As relief for the wife's alleged contempt, the husband's February 21 motion sought, among other things, a modification of the February 4 judgment, and the trial court treated that motion as a Rule 59(e) motion. Assuming, without deciding, that the February 21 motion, by virtue of its request that the trial court amend the February 4 judgment, constituted a Rule 59(e) motion, the trial court lost jurisdiction to rule on that motion on the 90th day after it was filed. See Rule 59.1, Ala. R. Civ. P.; Ex parte Chamblee, 899 So. 2d 244, 247 (Ala. 2004) (" ‘If the trial court allows a post-trial motion to remain pending, and not ruled upon, for 90 days, then the motion is denied by operation of law and the trial court loses its jurisdiction to further entertain that motion.’ " (quoting Ex parte Johnson Land Co., 561 So. 2d 506, 508 (Ala. 1990) )). The 90th day after February 21, 2020, was May 21, 2020, which was well before the trial court entered the July 2 order. Therefore, insofar as the husband's February 21 motion might have constituted a Rule 59(e) motion, the trial court lacked jurisdiction to rule on that motion on July 2, 2020. Id.

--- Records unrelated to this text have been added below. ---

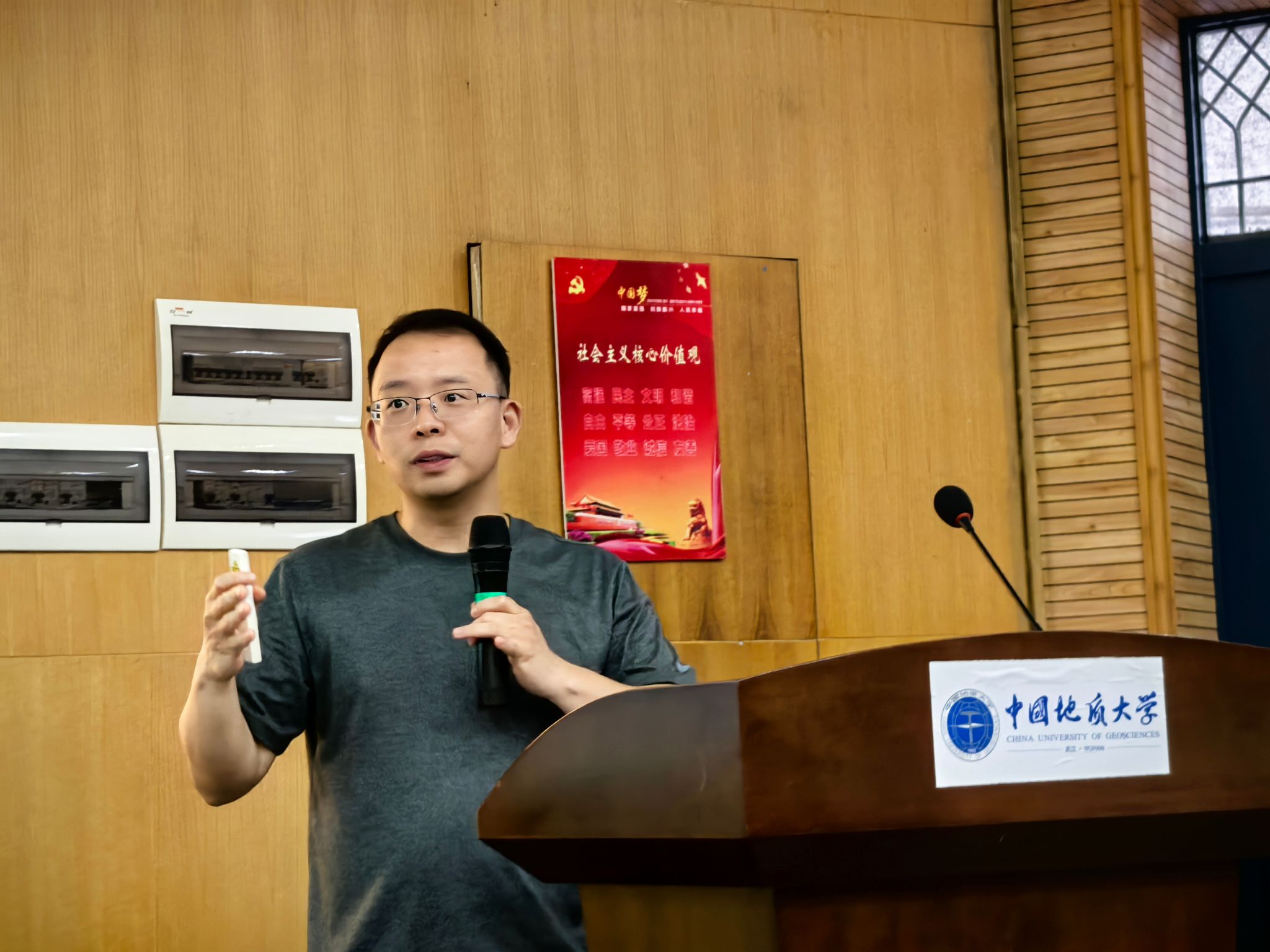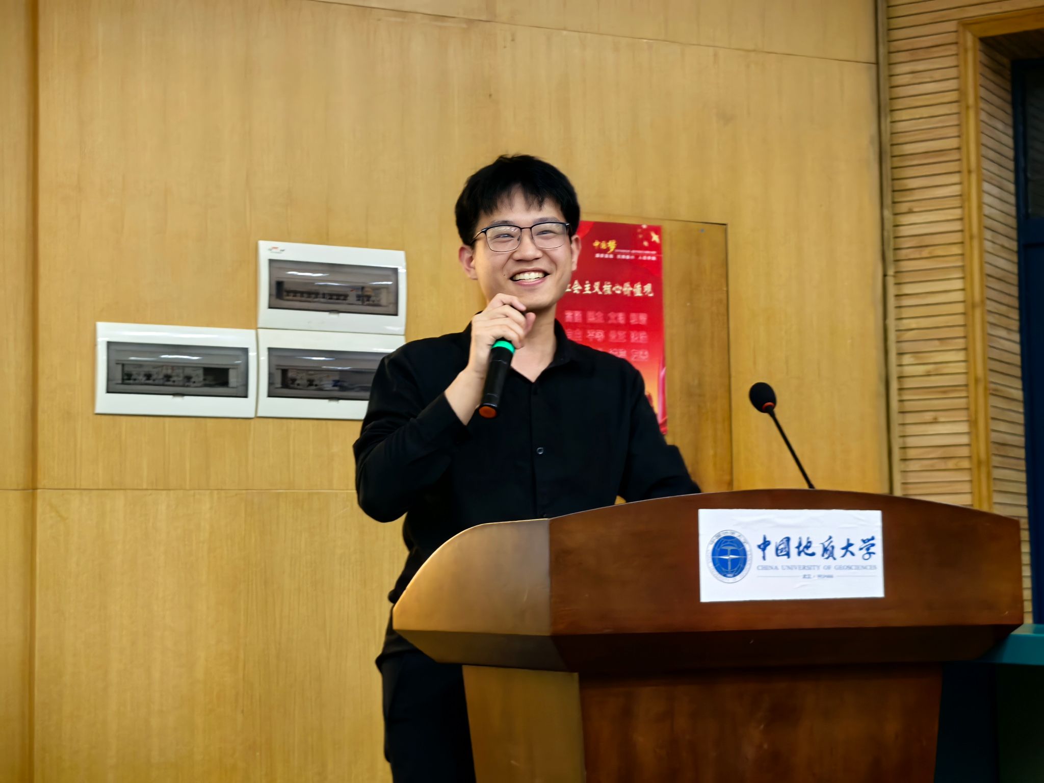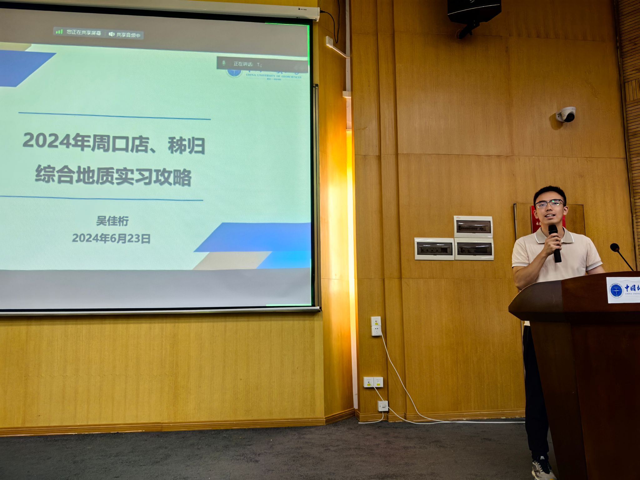 2021级资源勘查工程专业(基地班)学生代表吴佳桁作《周口店、秭归攻略》实习主题分享。他从实习纪律与安全、实习生活用品、基地生活情况、注意事项四个方面着手,为低年级同学精心准备了一份宝贵、实用的综合实习地质攻略。
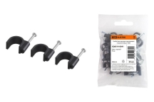 Применение:Для быстрого и надёжного крепления круглых и плоских кабелей или проводов различного назначения (силовых, телефонных, телевизионных и т. п.) в жилых и промышленных помещениях.Возможно крепление к различным поверхностям: к дереву, прессованному картону, швам кирпичной кладки, к штукатурке, бетону, кирпичу. Материалы:Скоба - гибкий негорючий ударопрочный полипропилен.Гвоздь - закаленная оцинкованная сталь.Преимущества:Широкий типоразмерный ряд: до 35 мм.Скобы выпускаются в двух исполнениях  полукруглые и плоские.Поставляются с гвоздём.Гвоздь уже вставлен в скобу, что повышает удобство и скорость монтажа. 0: Применение:Для быстрого и надёжного крепления круглых и плоских кабелей или проводов различного назначения (силовых, телефонных, телевизионных и т. п.) в жилых и промышленных помещениях.Возможно крепление к различным поверхностям: к дереву, прессованному картону, швам кирпичной кладки, к штукатурке, бетону, кирпичу.
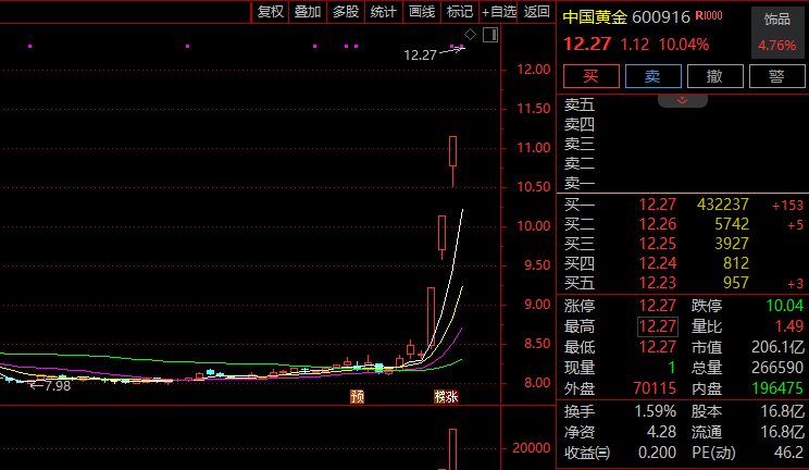 盘初,黄金概念持续走强,中国黄金(600916)4连板,湖南黄金(002155)3连板,招金黄金(000506)、豫光金铅(600531)、飞南资源(301500)、四川黄金(001337)、赤峰黄金(600988)跟涨。
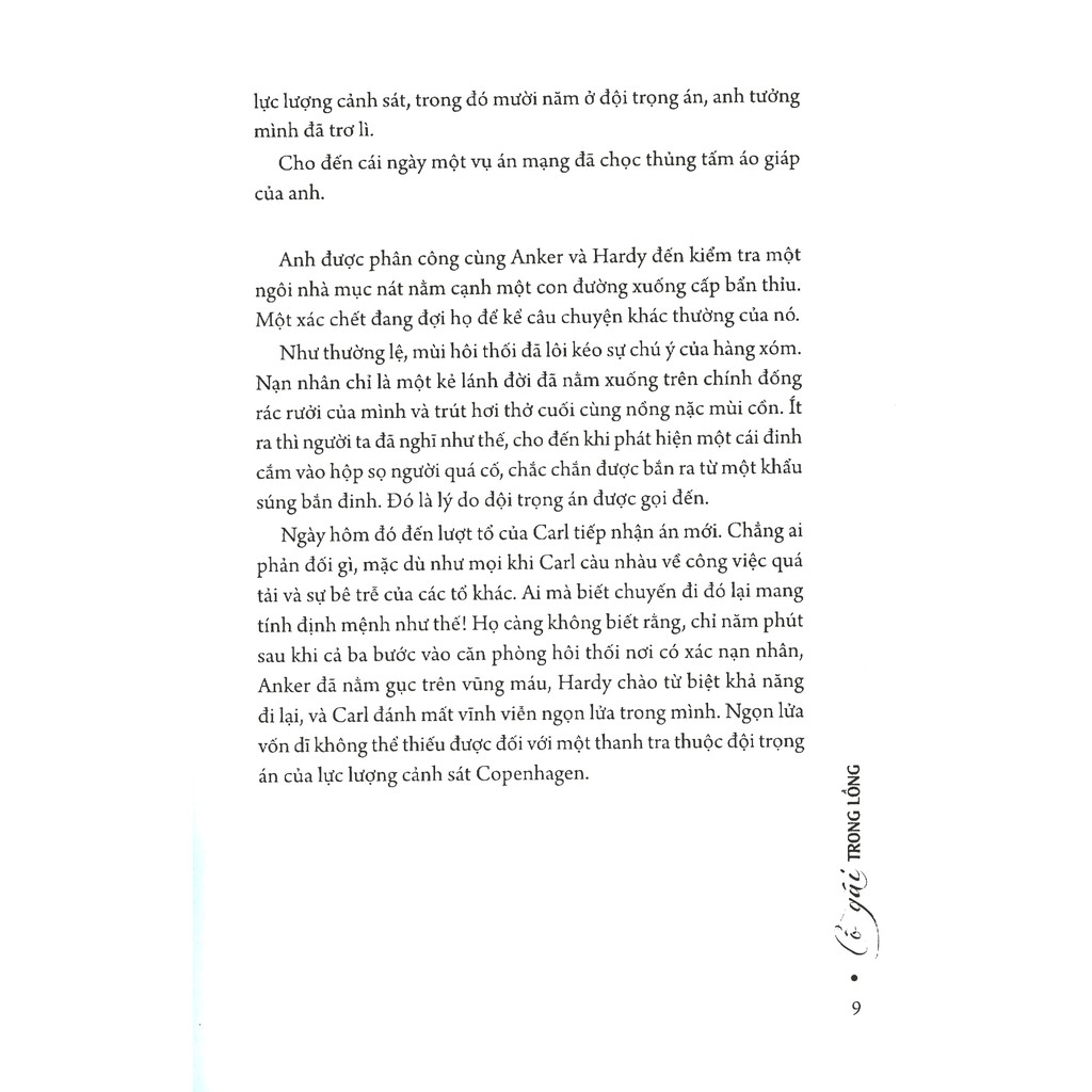 Carl Mørck từng là một thanh tra hình sự năng nổ, một điều tra viên án mạng xuất sắc tại Copenhagen. Trong một lần khảo sát hiện trường, ông bị đạn sượt qua đầu, hai đồng đội của ông một bị bắn chết, một bị liệt toàn thân. Mặc cảm vì đã không rút súng bắn trả khiến Carl Mørck cảm thấy chán nản, nhụt chí. Ông trở thành một con người cộc cằn, cay độc và bất hợp tác với các cảnh sát khác.
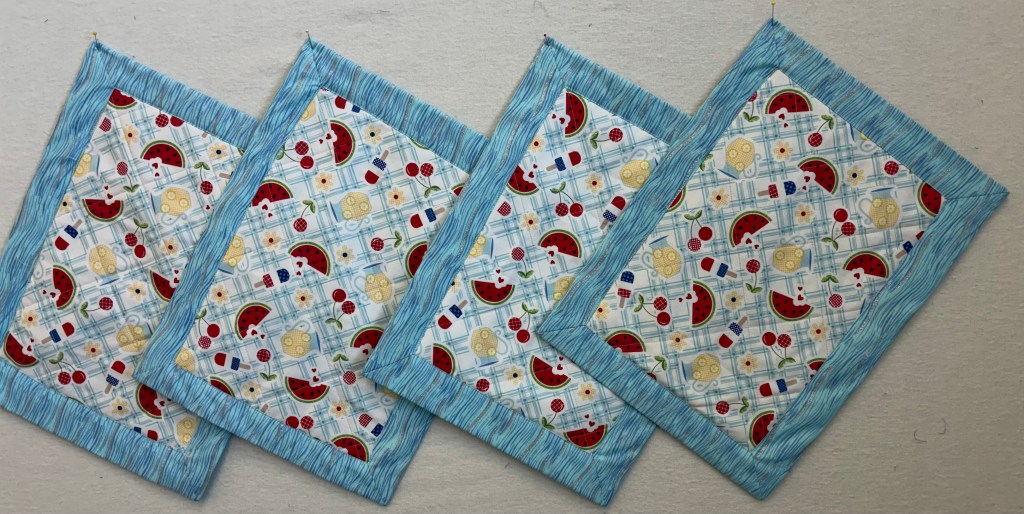 The summer picnic placemats are backed with the blue fabric that creates the binding. There are 12″ x 16″ and can be yours for $40.
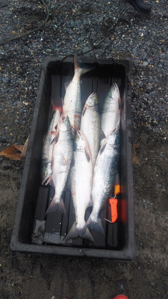 We started our Personal Use Fishing season with a bang. First tide out, three nets set and within 12 minutes we had fish in all three nets.
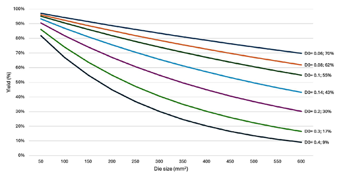 Wraz ze wzrostem powierzchni chipu, uzysk układów scalonych monolitycznych spada (D0 = gęstość defektów). Źródło: IC-Link by imec
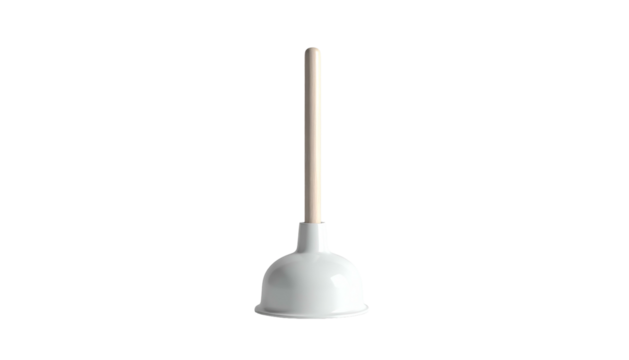 A white plunger with a wooden handle, isolated against a black background
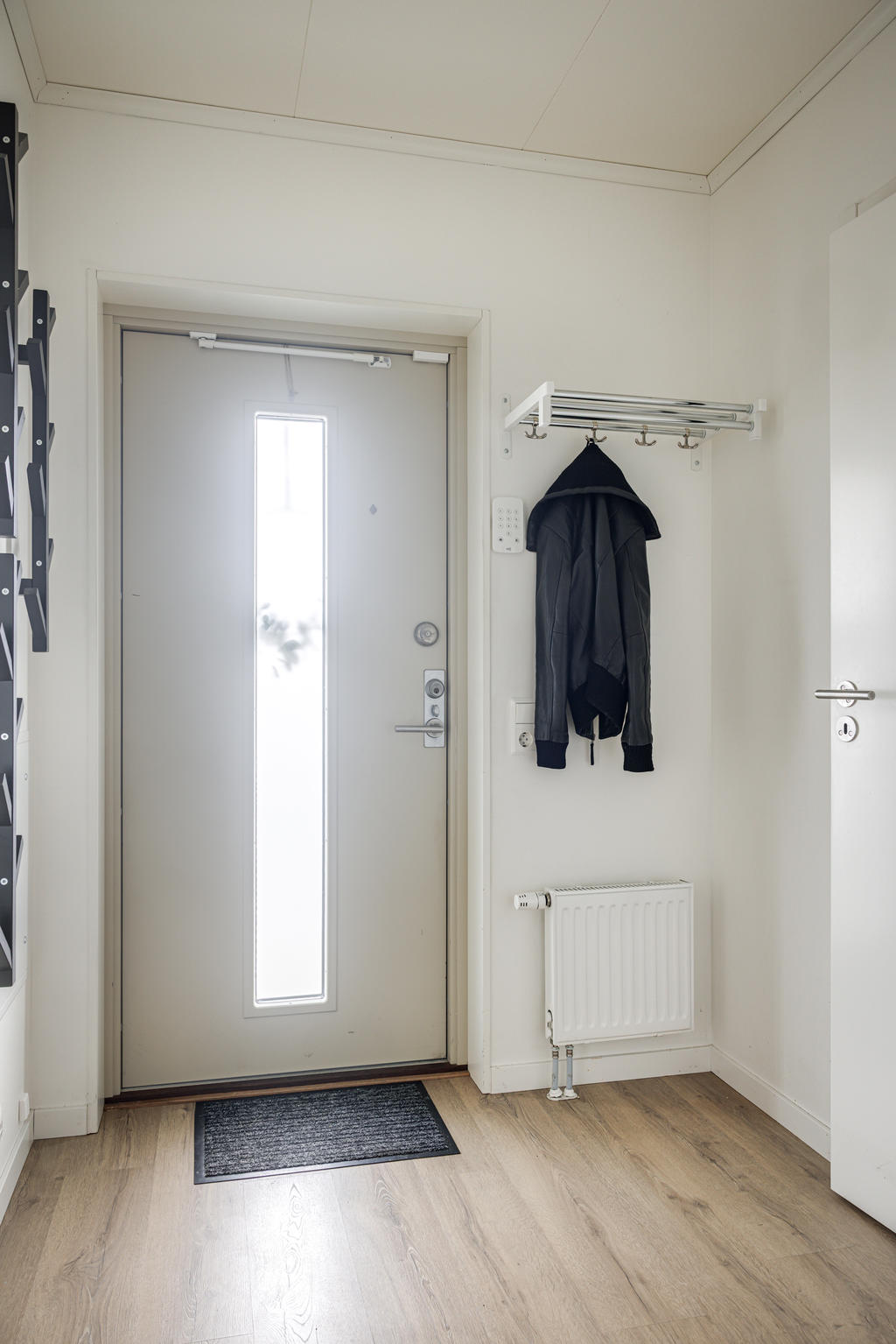 Entrén erbjuder gott om förvaringsmöjligheter med rymlig klädkammare i direkt anslutning till hallen. Lägenhetens placering i hörnet av loftgången bidrar till ett lugn då du inte får några förbipasserande grannar vid entrén eller fönster.
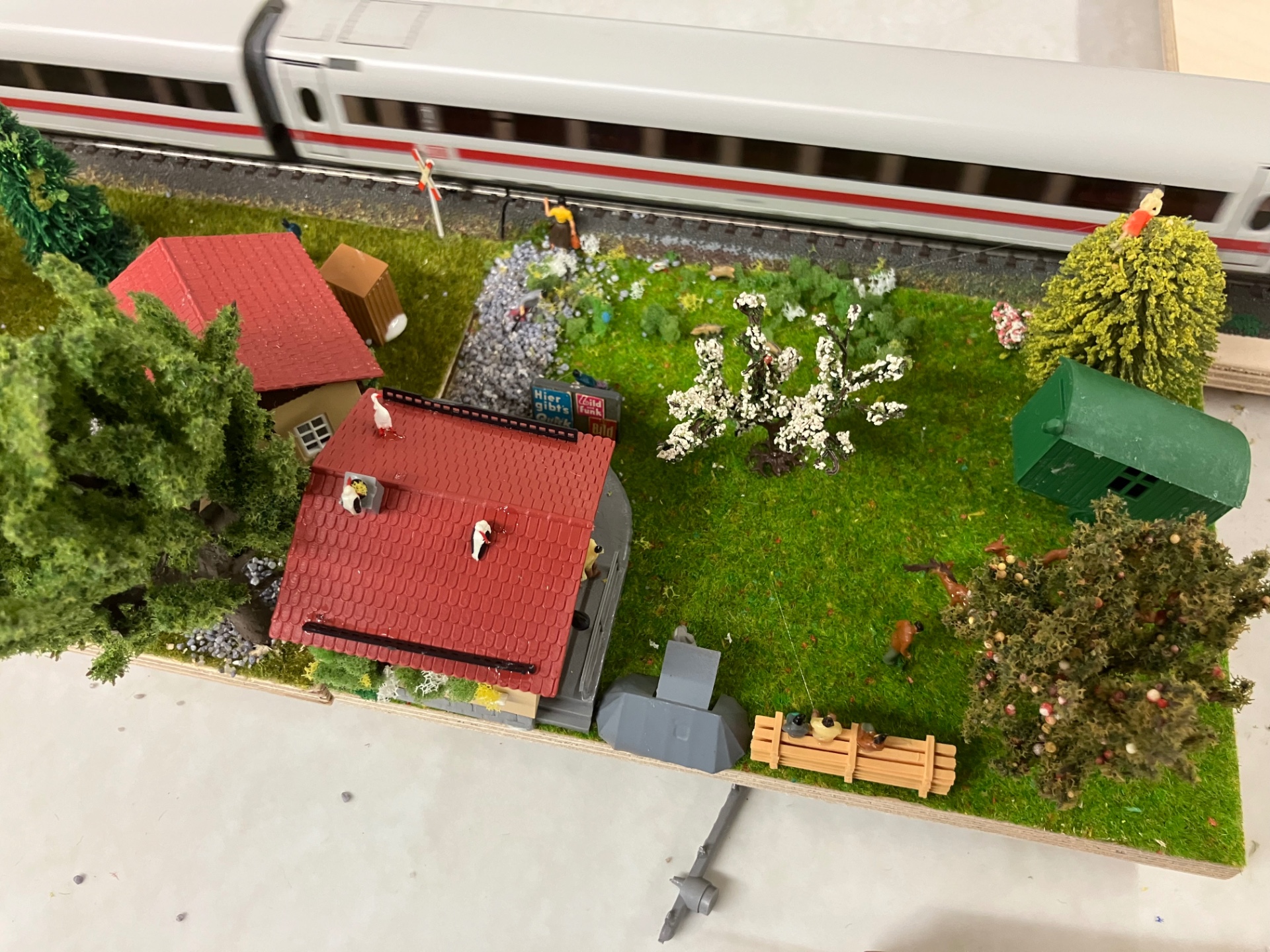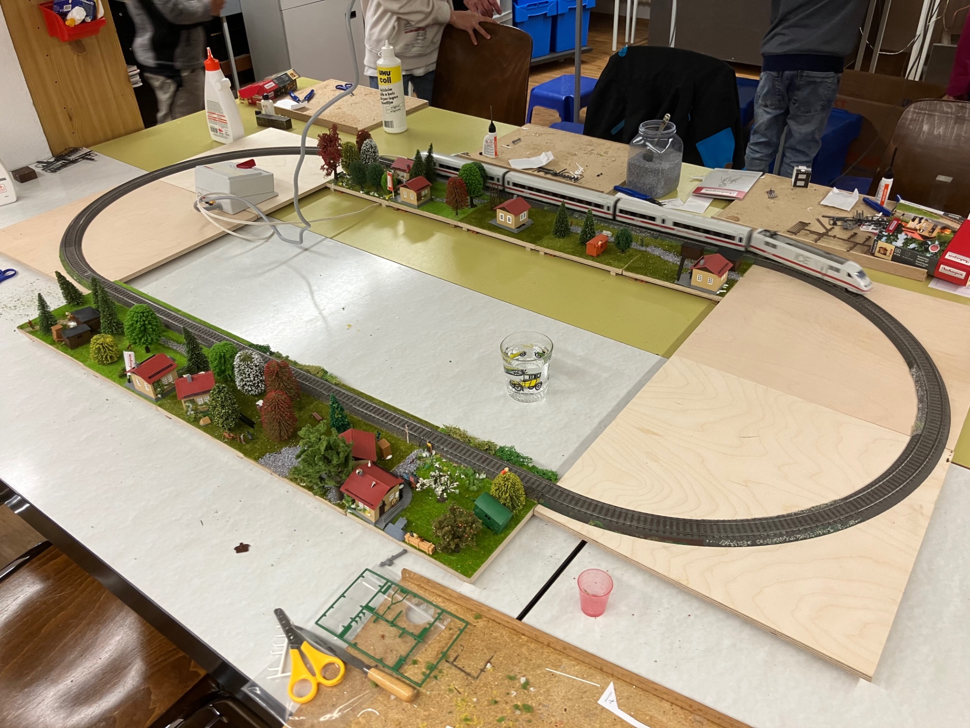 Es hilft nichts den Zustand zu beklagen, dass nur „alte graue Männer“ das Modellbahnhobby pflegen! Ihr müsst aktiv auf die Jugend zugehen und die Kinder mitnehmen. Wir hatten heute im Verein 10 Kinder aus der 4. Klasse zu Gast. Wir haben gemeinsam ein Häuschen gebastelt und dieses nachher auf ein H0 Stammtischbrettchen geklebt und dann ausgeschmückt. Es war beeindruckend wie still die 10 Kinder dort konzentriert gebastelt haben! Von den 10 Kinder waren 3 Mädchen, die sehr kreative Kleindioramen gebaut haben. Am Schluss wurden die Brettchen zusammengesteckt und der ICE fahren gelassen. Wir müssen die Jugend einbeziehen dann ist auch der Nachwuchs da. Erstmal mit H0 anfangen, Z kommt dann schon… Nach den 10 Viertklässlern kam dann noch die 5 Jungs der Jugendgruppe, die mit Begeisterung ebenfalls an Ihren Brettchen das Modellbahnhobby von der Pieke auf spielerisch erlernen. Ich war heute begeistert von den 15 Jungen und Mädchen im Alter von 9 bis 12! Ein paar Impessionen habe ich noch angefügt.

Accordingly, because we conclude that the trial court lacked subject-matter jurisdiction to enter the July 2 order, we grant the wife's mandamus petition and issue the writ.
As a result of the COVID-19 pandemic, our supreme court issued an administrative order on March 13, 2020, that, among other things, provided that deadlines that were set by, or subject to regulation by, the supreme court and were due to expire between March 16, 2020, and April 16, 2020, were extended to April 20, 2020. On April 2, 2020, our supreme court issued its COVID-19 Administrative Order No. 5, which, among other things, extended those deadlines through April 30, 2020. Our supreme court's COVID-19 Administrative Order No. 6, which was issued on April 30, 2020, provided that all deadlines previously extended by the supreme court's previous COVID-19 administrative orders through April 30, 2020, were further extended through May 15, 2020. Our supreme court's COVID-19 Administrative Order No. 7, which was issued on May 13, 2020, provided that, subject to certain specified exceptions, the supreme court's previously issued COVID-19 administrative orders would remain in effect; however, it did not further extend any of the deadlines that were set by, or subject to regulation by, the supreme court beyond May 15, 2020. Because the 90th day after the filing of the February 21 motion in the present case was May 21, 2020, the supreme court's COVID-19 administrative orders did not extend the deadline for the trial court to rule on the February 21 motion under Rule 59.1, and that deadline expired on May 21, 2020.
PETITION GRANTED; WRIT ISSUED.
Thompson, P.J., and Moore, Edwards, and Hanson, JJ., concur.